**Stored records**
◇ ◇ ◇ ◇ ◇
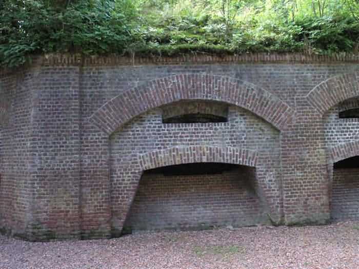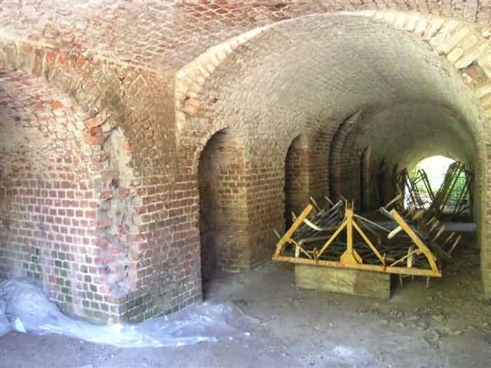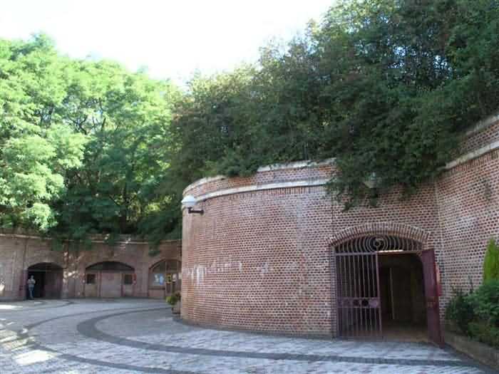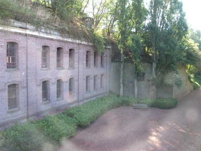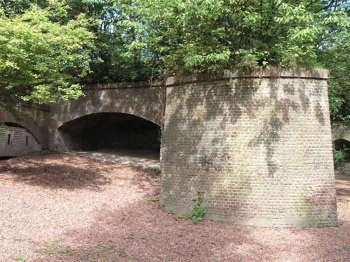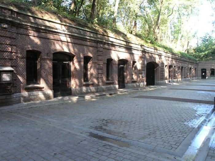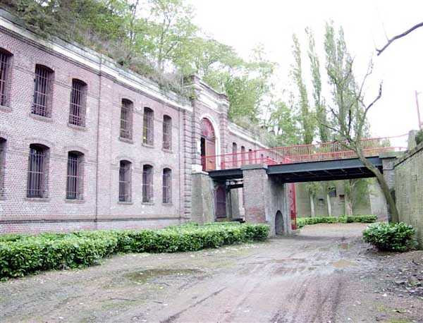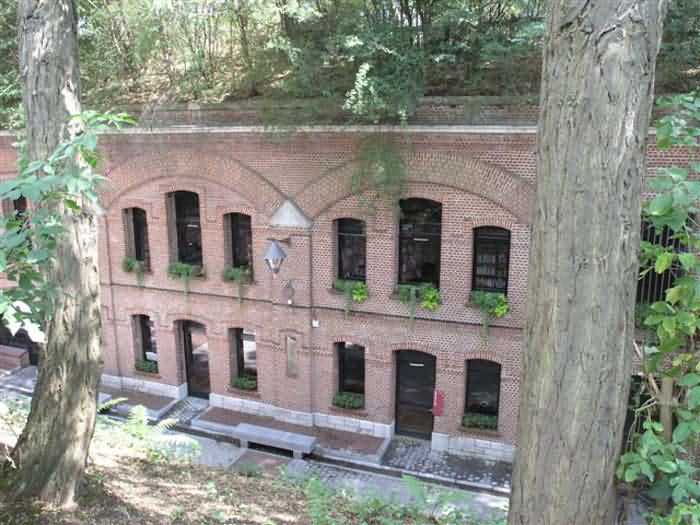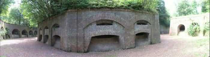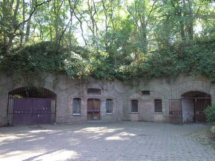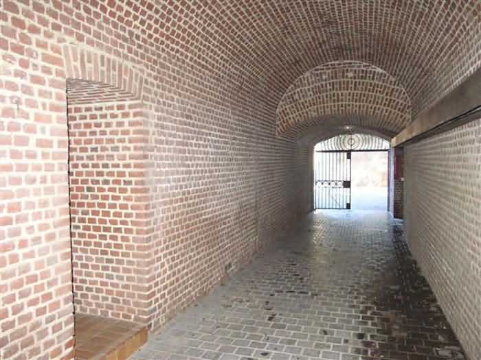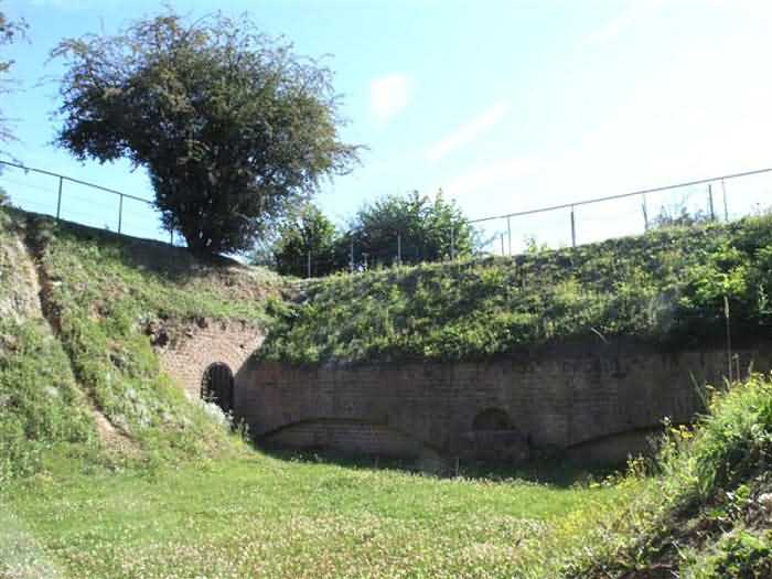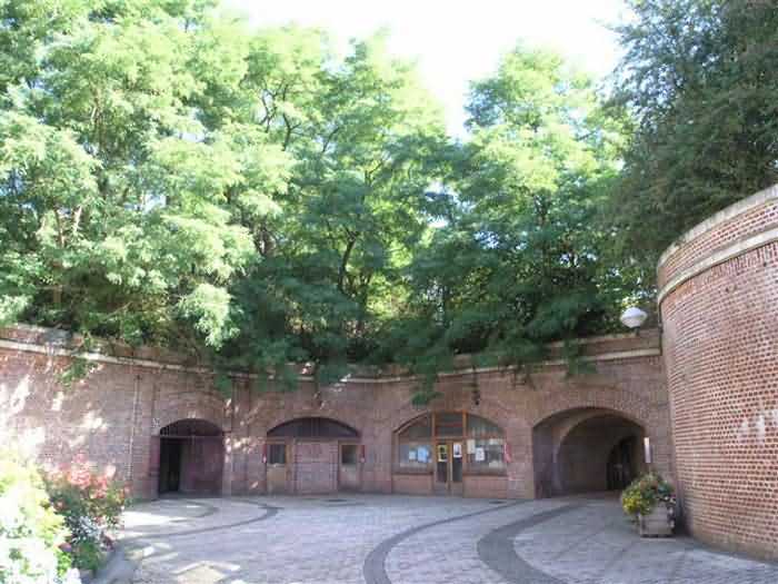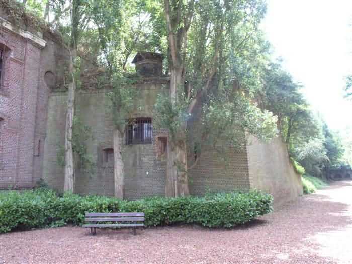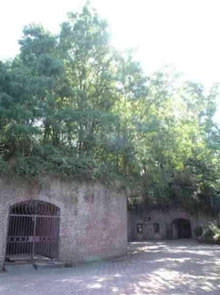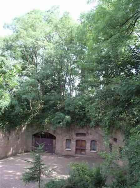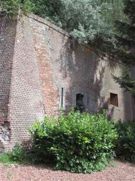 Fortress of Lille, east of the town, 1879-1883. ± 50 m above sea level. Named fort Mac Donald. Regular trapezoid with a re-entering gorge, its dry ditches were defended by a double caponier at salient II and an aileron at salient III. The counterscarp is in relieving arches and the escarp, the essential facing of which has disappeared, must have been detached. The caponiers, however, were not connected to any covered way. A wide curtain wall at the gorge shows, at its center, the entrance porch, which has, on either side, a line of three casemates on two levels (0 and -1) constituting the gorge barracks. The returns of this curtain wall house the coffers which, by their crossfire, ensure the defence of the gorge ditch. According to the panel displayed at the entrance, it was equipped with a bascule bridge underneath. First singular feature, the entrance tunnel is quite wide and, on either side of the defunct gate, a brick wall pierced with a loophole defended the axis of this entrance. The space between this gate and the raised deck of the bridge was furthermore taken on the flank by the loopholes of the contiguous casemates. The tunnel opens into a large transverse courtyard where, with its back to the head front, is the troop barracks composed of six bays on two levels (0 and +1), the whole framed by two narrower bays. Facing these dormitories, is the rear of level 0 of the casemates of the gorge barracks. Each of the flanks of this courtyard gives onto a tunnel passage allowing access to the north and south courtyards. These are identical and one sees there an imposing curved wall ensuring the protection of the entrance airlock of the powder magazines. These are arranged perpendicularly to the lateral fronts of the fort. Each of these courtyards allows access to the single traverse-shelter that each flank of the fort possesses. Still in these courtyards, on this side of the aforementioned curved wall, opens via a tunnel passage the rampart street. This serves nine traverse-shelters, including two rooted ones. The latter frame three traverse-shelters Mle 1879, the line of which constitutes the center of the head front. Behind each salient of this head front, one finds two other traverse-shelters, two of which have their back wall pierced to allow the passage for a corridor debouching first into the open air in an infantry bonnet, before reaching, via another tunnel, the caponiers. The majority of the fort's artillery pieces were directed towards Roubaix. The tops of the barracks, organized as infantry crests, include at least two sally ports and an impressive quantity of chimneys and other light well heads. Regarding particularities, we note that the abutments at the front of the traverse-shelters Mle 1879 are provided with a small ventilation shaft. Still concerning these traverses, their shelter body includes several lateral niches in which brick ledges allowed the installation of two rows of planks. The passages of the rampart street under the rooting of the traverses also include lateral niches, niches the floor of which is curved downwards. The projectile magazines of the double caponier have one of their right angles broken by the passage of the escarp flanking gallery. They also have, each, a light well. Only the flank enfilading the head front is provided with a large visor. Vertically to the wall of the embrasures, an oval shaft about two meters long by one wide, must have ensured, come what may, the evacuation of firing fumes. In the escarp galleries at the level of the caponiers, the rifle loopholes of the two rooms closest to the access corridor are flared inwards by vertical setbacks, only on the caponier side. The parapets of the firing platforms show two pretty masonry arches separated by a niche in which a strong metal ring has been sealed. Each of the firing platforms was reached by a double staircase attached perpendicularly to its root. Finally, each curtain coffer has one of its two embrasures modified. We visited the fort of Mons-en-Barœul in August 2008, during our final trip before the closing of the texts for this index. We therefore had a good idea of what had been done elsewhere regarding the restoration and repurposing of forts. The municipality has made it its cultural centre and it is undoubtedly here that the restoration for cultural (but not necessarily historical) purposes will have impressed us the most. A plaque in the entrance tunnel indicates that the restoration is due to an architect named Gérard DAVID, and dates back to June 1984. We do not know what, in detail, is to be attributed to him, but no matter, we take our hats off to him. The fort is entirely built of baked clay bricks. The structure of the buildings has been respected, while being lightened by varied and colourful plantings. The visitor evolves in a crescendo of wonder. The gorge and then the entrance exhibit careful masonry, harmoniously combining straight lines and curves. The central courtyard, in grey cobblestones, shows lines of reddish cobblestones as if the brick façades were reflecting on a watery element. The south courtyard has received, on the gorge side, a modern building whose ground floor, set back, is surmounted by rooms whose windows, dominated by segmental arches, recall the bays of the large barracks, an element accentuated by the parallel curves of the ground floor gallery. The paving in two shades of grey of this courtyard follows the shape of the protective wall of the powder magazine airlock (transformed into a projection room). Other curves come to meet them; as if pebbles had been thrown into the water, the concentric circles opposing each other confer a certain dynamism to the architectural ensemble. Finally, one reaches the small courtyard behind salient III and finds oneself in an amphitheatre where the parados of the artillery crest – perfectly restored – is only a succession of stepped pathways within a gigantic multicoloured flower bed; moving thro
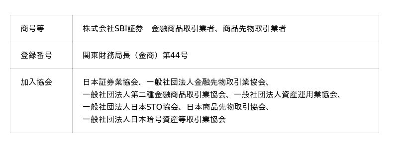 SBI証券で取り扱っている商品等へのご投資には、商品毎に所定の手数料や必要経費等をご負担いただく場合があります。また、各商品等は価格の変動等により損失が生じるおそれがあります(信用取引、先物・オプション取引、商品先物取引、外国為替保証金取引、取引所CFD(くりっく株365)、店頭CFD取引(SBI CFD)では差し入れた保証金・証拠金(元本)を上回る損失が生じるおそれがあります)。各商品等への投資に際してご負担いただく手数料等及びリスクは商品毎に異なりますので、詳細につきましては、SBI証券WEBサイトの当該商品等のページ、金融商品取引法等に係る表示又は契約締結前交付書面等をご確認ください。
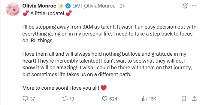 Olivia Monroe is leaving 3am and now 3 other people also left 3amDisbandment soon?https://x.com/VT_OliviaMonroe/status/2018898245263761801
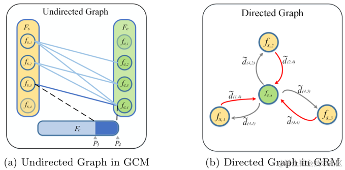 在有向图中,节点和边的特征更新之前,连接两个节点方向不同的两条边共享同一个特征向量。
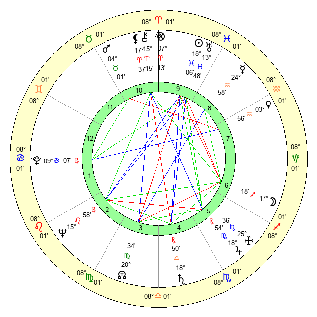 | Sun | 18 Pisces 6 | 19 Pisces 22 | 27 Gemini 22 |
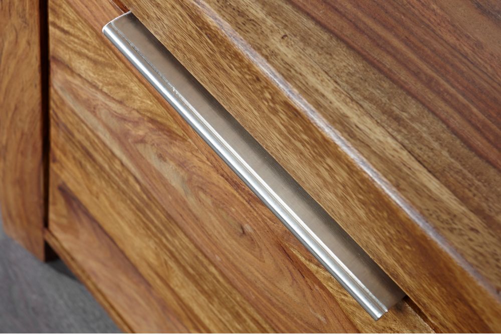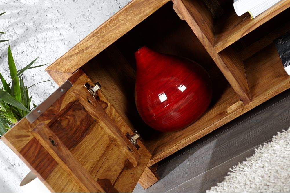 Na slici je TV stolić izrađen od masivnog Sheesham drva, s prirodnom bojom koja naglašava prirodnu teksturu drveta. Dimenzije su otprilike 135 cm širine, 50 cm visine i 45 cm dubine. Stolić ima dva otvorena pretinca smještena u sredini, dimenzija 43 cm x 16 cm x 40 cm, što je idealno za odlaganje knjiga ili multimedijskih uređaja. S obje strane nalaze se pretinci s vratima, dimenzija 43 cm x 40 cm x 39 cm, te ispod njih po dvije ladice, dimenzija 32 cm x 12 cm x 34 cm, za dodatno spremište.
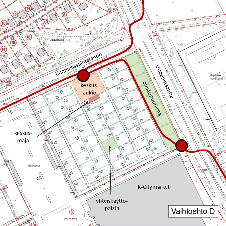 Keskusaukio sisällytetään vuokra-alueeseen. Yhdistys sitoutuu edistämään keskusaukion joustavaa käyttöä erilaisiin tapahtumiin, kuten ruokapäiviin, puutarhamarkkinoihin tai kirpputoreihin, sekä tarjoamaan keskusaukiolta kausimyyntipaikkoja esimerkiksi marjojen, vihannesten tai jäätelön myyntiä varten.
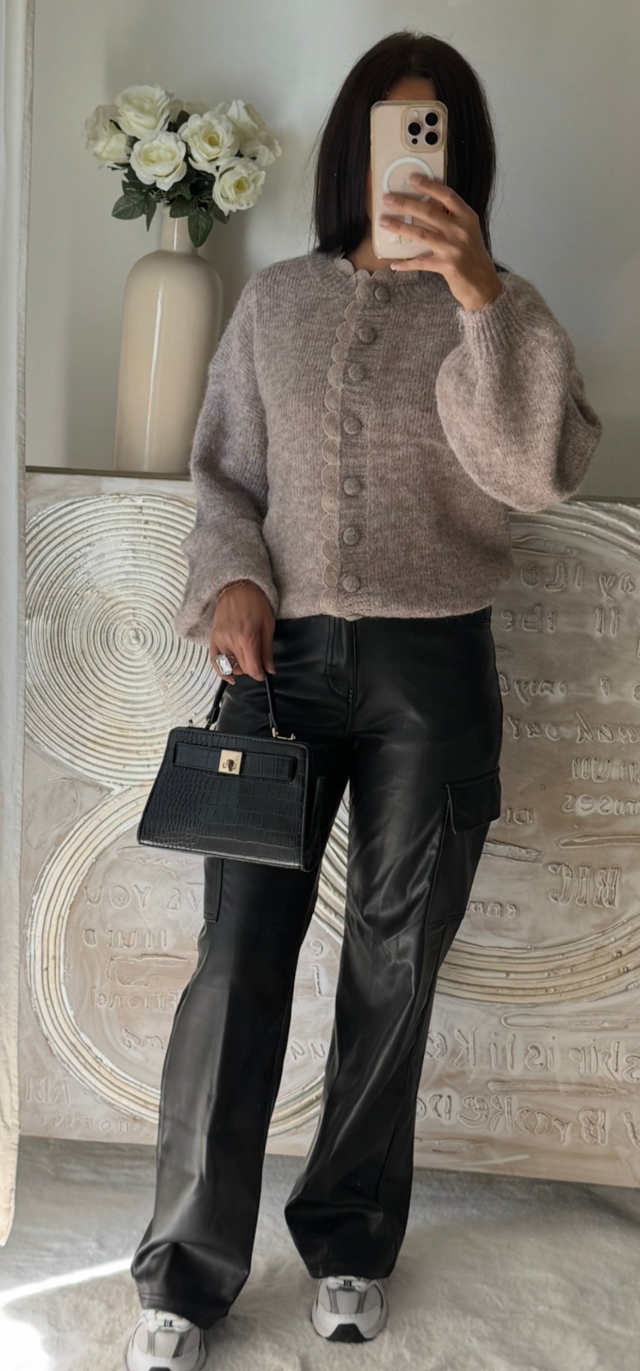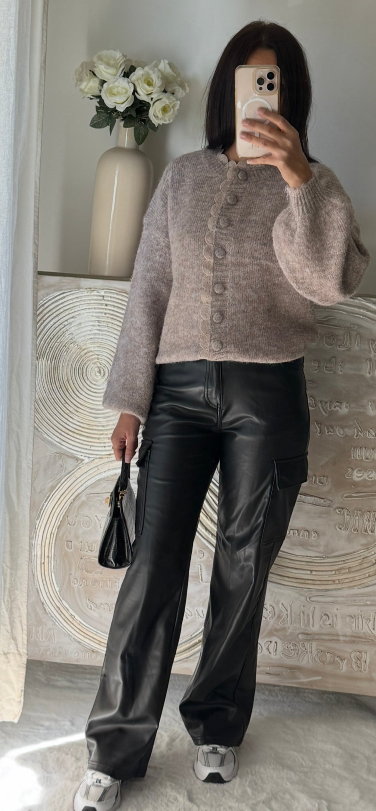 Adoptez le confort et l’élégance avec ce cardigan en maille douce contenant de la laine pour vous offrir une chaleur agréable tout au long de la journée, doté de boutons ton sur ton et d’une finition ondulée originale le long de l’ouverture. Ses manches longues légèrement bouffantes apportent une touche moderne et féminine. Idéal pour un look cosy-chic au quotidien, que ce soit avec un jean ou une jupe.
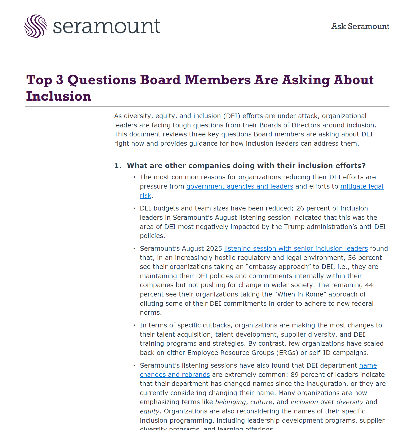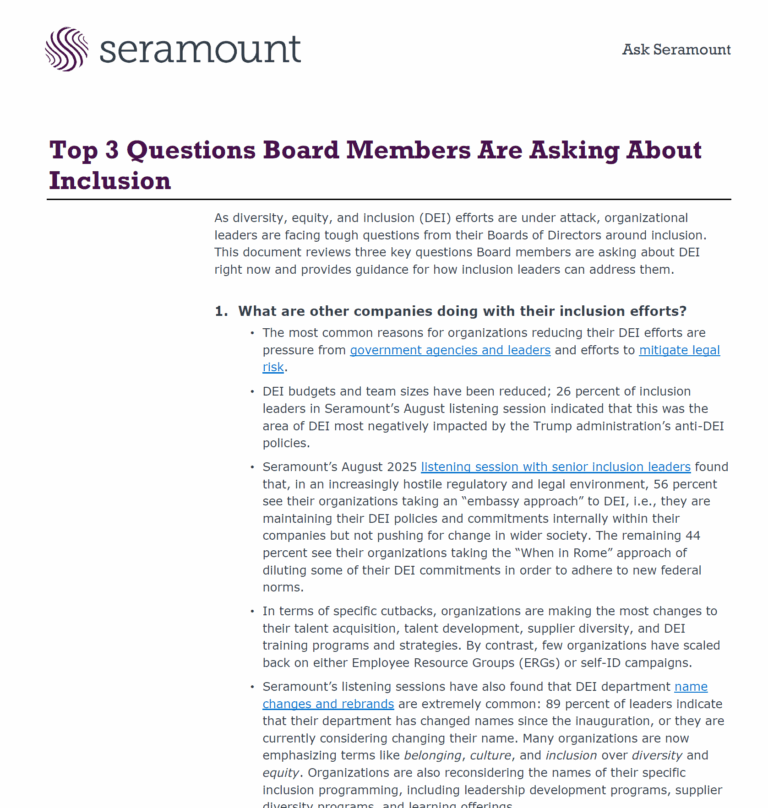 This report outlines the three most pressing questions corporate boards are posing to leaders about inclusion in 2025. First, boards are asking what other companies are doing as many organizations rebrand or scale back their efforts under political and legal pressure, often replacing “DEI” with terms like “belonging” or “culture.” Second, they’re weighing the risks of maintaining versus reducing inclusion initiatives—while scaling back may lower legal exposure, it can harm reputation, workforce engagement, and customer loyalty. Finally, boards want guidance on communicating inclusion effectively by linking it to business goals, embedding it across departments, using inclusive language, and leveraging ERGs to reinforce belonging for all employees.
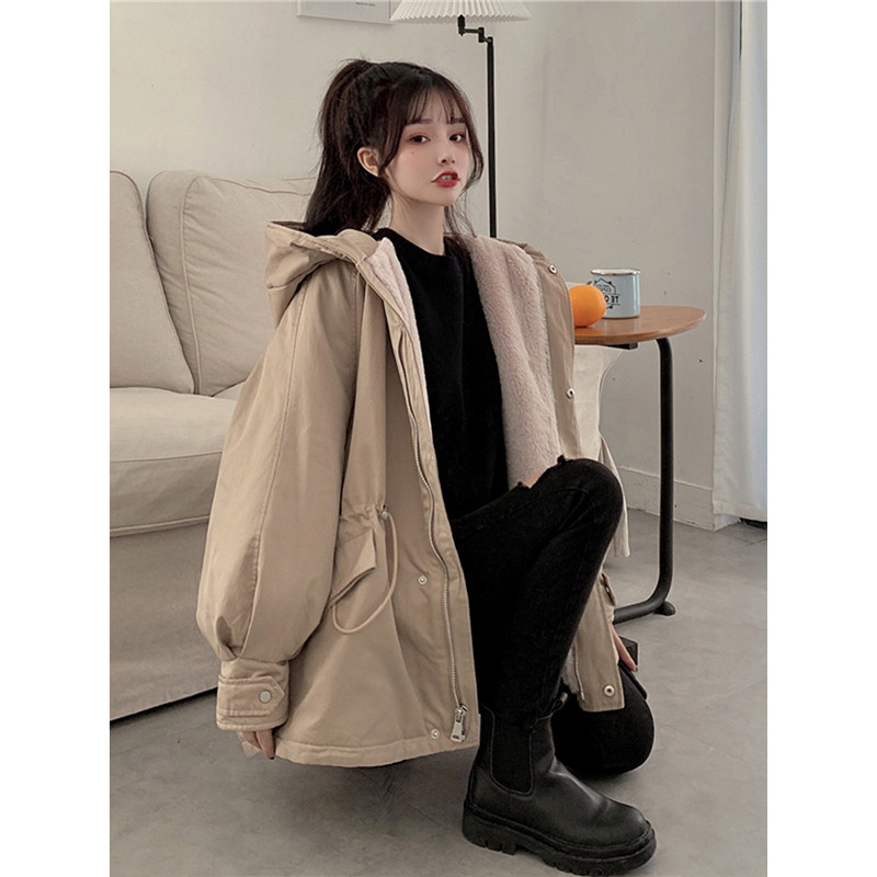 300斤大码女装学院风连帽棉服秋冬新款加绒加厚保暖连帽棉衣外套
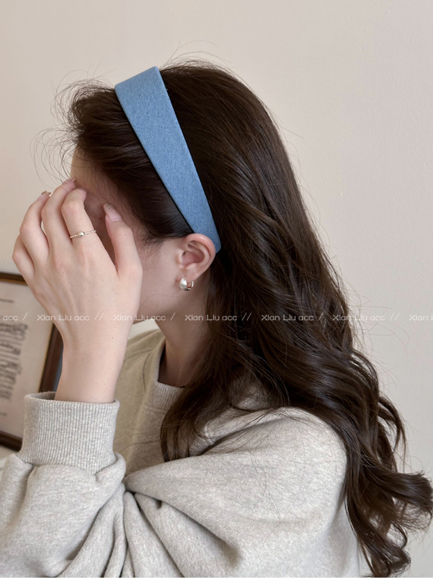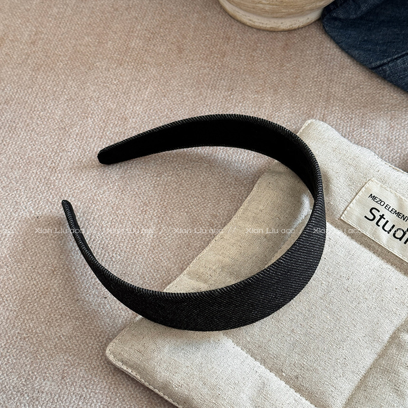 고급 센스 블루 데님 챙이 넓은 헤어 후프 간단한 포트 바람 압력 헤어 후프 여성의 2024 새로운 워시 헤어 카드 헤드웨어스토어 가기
◇ ◇ ◇ ◇ ◇
**ACTIVITY**
Reproduce, exactly and only, the lines of the records above starting at the line with "在有向图中,节点和边的特征更" and ending at the line with "Gemini 22 |", both included. Leave every picture out.

**RESPONSE TO THIS TASK**
 在有向图中,节点和边的特征更新之前,连接两个节点方向不同的两条边共享同一个特征向量。
 | Sun | 18 Pisces 6 | 19 Pisces 22 | 27 Gemini 22 |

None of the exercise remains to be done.